A few facts about anti-drought in plants

In agricultural production, the process of drought that occurs during cultivation is likely to cause a serious decline in output. A good example is that in maize, 4-day water stress during flowering can reduce yield by 50% (Claisen and Shaw 1970).

The process of evapotranspiration in plants can occur through secreted cells or through cutin, the most effective water-resistant cutin plant known to date is Vanilla, a orchid with fruit for extraction. Vanilla export. The cuticle of Vanilla plants is much more resistant to dehydration than PVC and LCP food preservation films (liquid crystal polymer) - (Kerstient 1996, Riederer & Schreiber 2001).

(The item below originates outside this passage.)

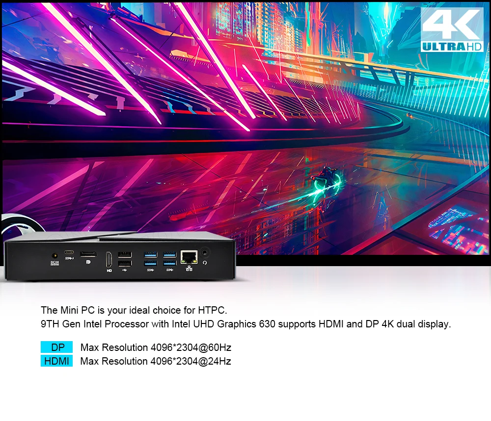 - Support HDMI and DP for 4K display output synchronously.

In plants with many drought-resistant mechanisms already known, however, the most important concern is still the mechanism of ABA impact on stomata to minimize water loss.

The plant turn is capable of sensing the moisture content of the soil and carrying out reactions in the direction of the positive direction (Eapen 2005). However, the mechanism of this process is not well understood. According to Qin & Gevaart 1999, ABA molecules play a key role in the stress process and are synthesized by the 9-cis-epoxycarotenoid dioxygenase gene. When water stress occurs, the endogenous ABA hormone content increases, causing a closed gas signal (Blatt 2000) and the activation process takes only a few minutes (Asmann 2000). At the end of water stress, ABA levels return to normal, unlocking stomata.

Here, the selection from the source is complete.